On my way back to the gig I nearly collided with a small girl balancing a huge water tin on her head. “Kola, kola!” she cried plaintively, clapping her hands in rhythm. I watched her for a few moments, marveling at the perfect sense of balance in a child so young. When I turned to go on, a sudden parting of the crowd gave me a clear view of Aurore, who was speaking to a powerfully built black man in a white shirt and trousers. I wondered who he was: a passerby, a servant? As I got closer I saw Aurore put her white-gloved hand over his black one. Perhaps the man was a friend of the family. Perhaps I had met him at the Duvals’ dinner party, though he did not look familiar. I had come within a few paces of the gig when the black man looked up and saw me. He turned abruptly and melted into the crowd.
Aurore said nothing about him.
“Shall we go back?” she asked prettily. “It’s getting on to nap time. Siesta, the Spanish call it.”
I gave her the owl.
“Why, thank you, Monsieur! How sweet. The owl for wisdom—or is it curiosity?”

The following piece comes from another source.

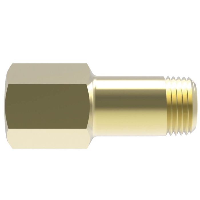 Weatherhead® Straight Adapter, Series: 200001, Connection Type 1: 42 deg Inverted Flare, Gender 1: Male, Connection Size 1: 1/2 in, Thread Size 1: 3/4-18, Connection Type 2: SAE 37 deg JIC Flare, Gender 2: Male, Connection Size 2: 1/2 in, Thread Size 2: 3/4-16, Hex Size: 0.89 in, Material Construction: Brass, Dimensions: 1.43 in L x 0.81 in W x 0.81 in H

“For remembrance,” I said.
As we clattered through the narrow bystreets to the Rue Lalue, I wondered about the black man. It passed through my mind that she might have used the excuse of going to the marketplace to meet him, perhaps to arrange an assignation.
I stole a look at her. A faint smile played on her full red lips. Was he her lover? A noir?
“Do you mind if I ask you an impertinent question, Mademoiselle?”
“That depends on the question.”
“Tell me how is it that such a lovely girl as yourself is not betrothed?”
“You flatter me, Monsieur Morse. I have had”—she hesitated— “suitors. But no one that Papa and I agree on.”
“You’ve never been in love?”
“Ah, but love is an entirely different matter.”
Again that secret smile upon her lips. She had given herself to the noir. He was her lover, I was sure of it.
A surge of hot jealousy rose in my chest, catching me entirely by surprise. I hardly knew this girl, this mulâtre. Why, then, should I feel so outraged, as if she had broken a compact betw
een us?
But I did. I did.
Chapter 22
Madame Duval was kind enough to invite me for luncheon.
“No one stirs in this climate from noon until four,” she said.
M. Duval, home from business for the midday meal, was also pleased to see me.
“Has Aurore been showing you the sights?”
“Yes. We visited the marketplace this morning.”
He made a wry face. “Not much, cela. Couldn’t you do better, Aurore?”
“Why, Papa, you know how most visitors are intrigued with market day.”
M. Duval turned to me. “Were you—ah—intrigued, Monsieur Morse?”
“Hardly,” I answered, and he laughed.
Later, he said, “I’m glad you’re here. I wanted to see you about the distillery. I have some papers your father must sign. Why don’t you ask him to stop by the plant around eight this evening.”
“I’ll do that. Has he been making a nuisance of himself?”
“Not exactly.”
“You mustn’t mind his—ah—er—attitude. He can’t help it.”
“Oh, I understand. And you. Monsieur Morse, I imagine you sometimes have a few feelings yourself?”
I flushed. “I hope that I am losing them, sir.”
“That’s why I like you, Monsieur Morse. Losing them. But I would be a hypocrite if I tried to tell you that I myself am without prejudice. You will find racial differences in this country as strong as anywhere in your own South. It is just a matter of kind.”
When I told Harry that the papers for the distillery were ready to be signed, he chortled with glee. “Everythin’s goin’ just right. We’ll be millionaires, boy! First thing, I’m goin’ to pay you back with twenty percent interest. That’s just from the distillery.”
“Harry,” I interrupted. “Your share is very small.”
“But you say this Duval is rich.”
“He appears to have money. But I’m almost certain that Rhum Internationale is not his only holding.”